Alışverişi nereden yapıyorsunuz?

Kaan S.: Feriköy’deki organik pazardan ben yapıyorum. Organik üreticilerden siparişle aldığımız ürünler de var. Yaban mantarını kendimiz gidip topluyoruz.

İyi malzeme bulma konusunda sıkıntı yaşıyor musunuz?

Kaan S.: Burada bulduklarımız genelde hep vasat lezzetler... Vasatın üstünü aramak büyük bir macera.

“Şu olsa neler neler yapardım” dediğiniz bir malzeme var mı?

Kaan S.: O kadar çok ki... İyi kalite ördek ya da yemelik güvercin mesela. Türkiye’de çok çeşitli biberimiz var. Kırmızısı, yeşili, turşuluğu... Ama o kadar. Domates idare eder. Yurt dışındaki kadar çeşit yok. Patateste, soğanda çok zayıfız. Kök sebze ailesinde çok zayıfız. Salatalık var ama kokusu yok.

Menüden yemek seçme imkanı yok, menüleriniz fiks...

Kaan S.: Çeşitli uzunlukta tadım menüleri servis ediyoruz. Temel bir ayrım var; çok şey tatmak mı istiyorsunuz, az şey mi? Ona göre menülerimizden birini seçiyorsunuz.

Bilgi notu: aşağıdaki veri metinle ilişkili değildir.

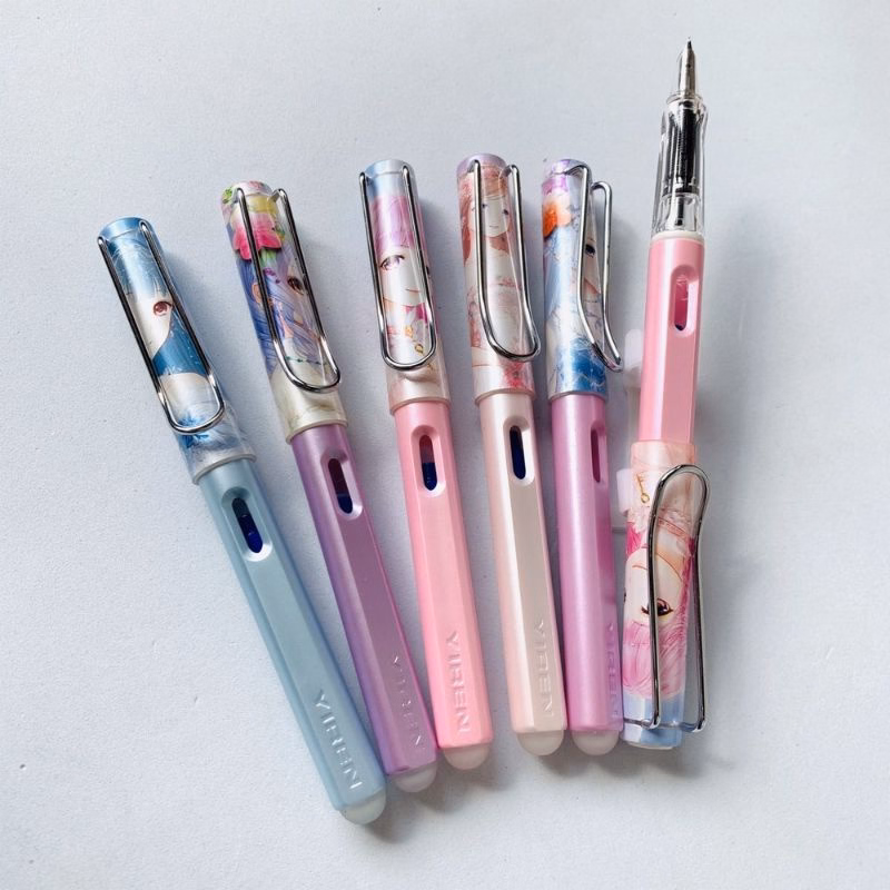 Bút máy, bút mực xóa được hình siêu nhân, công chúa dành cho học sinh Tiểu học. Nếu lắp mực xóa được, viết sai xóa ngay. Nếu bơm hút mực, bút sẽ lại là chiếc bút máy bình thường.

“Yabancı müşteri menüyü anlıyor”

Ne gibi sürprizler oluyor yemeklerde?

Kaan S.: Bir domates salatamız var mesela, onun sürprizi hardallı dondurmadır. Damak temizleyici olsun diye balıktan ete geçerken ikram ederiz.

Müşterilerinizin yüzde 85’inin yabancı olmasından rahatsız mısınız?

Kaan S.: Hayır. Çünkü yurt dışından gelen müşterinin alım gücü daha yüksek. Ve çoğu daha önce de bu tarz restoranlarda yemek yemiş. Bu dile hakimler, menüyü anlıyorlar. Öyle olunca biz de rahat ediyoruz.

Bir gün Michelin yıldızı almak gibi bir hayaliniz var mı?

Kaan S.: Yok. Ama olursa ne güzel olur... Rehberin İstanbul’u radarına alması ülke için güzel bir kazanım olur bir kere. Ama benim hayalim yıldızı almak değil, buraya gelenlerin mutlu ayrılmasını sağlamak, burayı sürdürülebilir, ticari olarak da başarılı bir restoran yapmak.

Başka şube açacak mısınız?

Kaan S.: Hayır. Ama daha günlük yeme-içme alışkanlıklarına uygun bir yer açma niyetimiz var.